Here’s a short and not very organized list of some observations about teaching that being back in a classroom helped remind me about: 

  • High school students are great. That’s what I missed: getting to know high school students and working with them over a long period of time. While I’ve been a district office administrator and gone from a classroom, I organized a psychology club that met monthly, and I enjoyed that, but it’s not the same as working with high school students every day. I’ve taught grad classes for a couple local universities, and I enjoyed that. But it’s not the same kind of satisfaction as teaching a high school class. 
  • I like the rhythm that teaching provides. I like the ritual of going to the high school every morning and then going to the district office. Mondays are Mondays because you’re starting a new week of teaching. You get to think about what you didn’t get done the day before, and how to possibly get it done the next day while trying to keep to the schedule you planned out earlier. Teaching provides an overall “arc” for a year. I know that this week is the 14th week of the semester, and that there are a couple more weeks until there’s a big break, and I need to work to get students to a good stopping point before we pick up on big projects after the Thanksgiving break. And I know I get to repeat this rhythm again, with starts and middles and breaks and “endings” that aren’t really endings. My district administrator job doesn’t feel like it has the same rhythm. In that part of my work life, I get assigned projects (or I try to create projects that I think are useful), and there’s a satisfaction in getting those projects done, but it’s not the same “long arc” satisfaction that the rhythm of teaching a high school class provides. 
  • It’s a pain when students have to be gone, and when students can’t get assigned work done on time. Absences happen, and not everything can get done on schedule. But it’s tricky to time work and feedback and new work and transitions when not all students have been present for or been able to do the kinds of thinking and work that you planned. Do you back up? Press on? Figure out how to help them get that thinking done in a different way? It’s tricky. 
  • Having my own classroom is a great creative outlet. Now my “teacher imagination” always has something to do: I often think about what I want to try in the AP Research class. I get to think about ways to share ideas and what experiences I can set up that might help my students think about these ideas. I bump into cool articles and other resources and get excited about sharing them with my students. I get to think about goofy things we could try that also relate to the big ideas in our content. 
  • It’s hard work, and it makes me anxious. I get nervous sometimes before class, and (so far) I like that anxiety. I’m often not sure whether something will work, or whether it helped anyone learn anything, and I get to think about how to try to figure out what we learned. 
  • The feeling of something “clicking” in a high school class is different than any other kind of teaching I’ve experienced. I enjoy presenting for teachers and administrators, and I want to keep doing that, but those experiences can’t compete with these peak moments in high school classes. I don’t know why. There have been moments when I’ve heard my AP Research students analyzing an article or giving each other feedback on their work that cause me to be SO happy and proud of them. 
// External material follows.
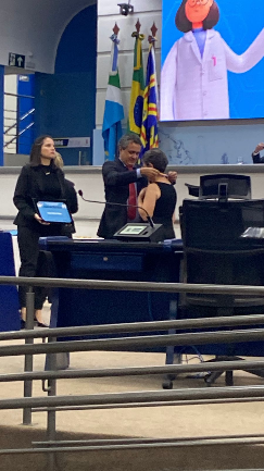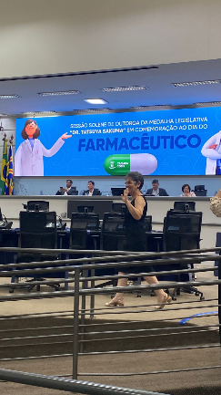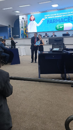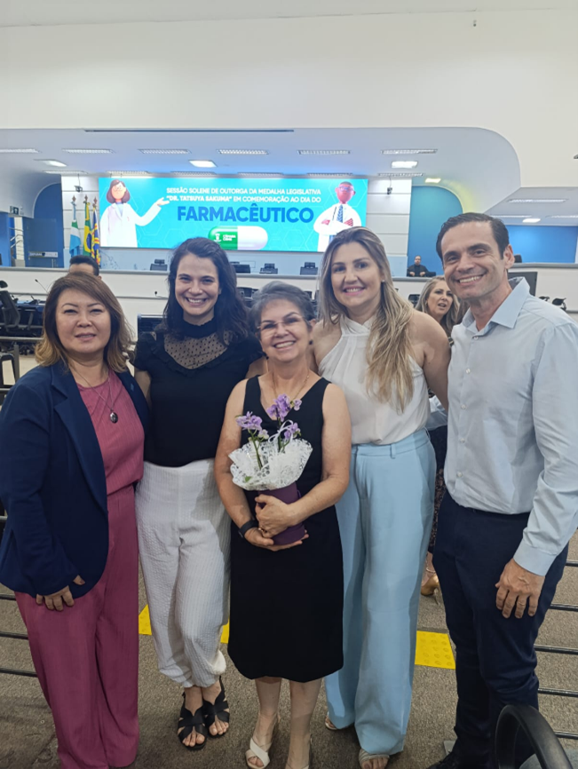 Esta homenagem ocorreu em uma Sessão Solene marcante, no dia 24 de setembro de 2025, às 19 horas, nas instalações da Câmara Municipal, localizada na Avenida Ricardo Brandão, nº 1.600. A solenidade, presidida pelo Vereador Dr. Jamal Mohamad Salem, integrou as comemorações do Dia do Farmacêutico, data em que diversos profissionais farmacêuticos que se destacam por sua atuação essencial no cuidado à saúde da população campo-grandense foram devidamente reconhecidos. Em um gesto de particular destaque, o Vereador Landmark Rios formalizou a homenagem à nossa querida Profa. Maria Tereza Ferreira.

I’m glad that I jumped back in the boiling water. The drive to the high school every morning is long, and I’m often anxious when I think about what we’ll do in class, and I feel rusty and out of practice, and it all feels good and right. I hope I get to keep teaching. 

6 thoughts on “The frog jumps back in the boiling water: what I’ve learned by going back to a classroom

  1. Glad you are back in the classroom. Loved the eloquence of your description. I can see your positive nervousness teaching a class in research and have the constant thought about how it relates to 3verything.

    1. Thanks for the thoughts, Scott! I’m planning on writing another post about my recent subbing experiences (covering classes for teachers who have to be absent). My subbing experiences aren’t as positive, but I think I’m still learning how to be a good sub!

  2. Rob: your passion is contagious! Thanks for sharing this heartfelt article. Your descriptions felt real and helped me process why I still miss teaching middle and high school students. The planning, the anticipation, the cadence, the positive nervousness, the exhilaration of seeing students “get it”, and the satisfaction of seeing their confidence grow with their increasing competence!! Ahhh – This is a joy that teachers get to experience …

  3. What an inspiring post. I hope you’re successful in encouraging other district administrators, in a wide range of districts, to take on a light teaching role. It would do wonders for the relevance and quality of feedback they’re then able to provide the teachers in their care. Bravo!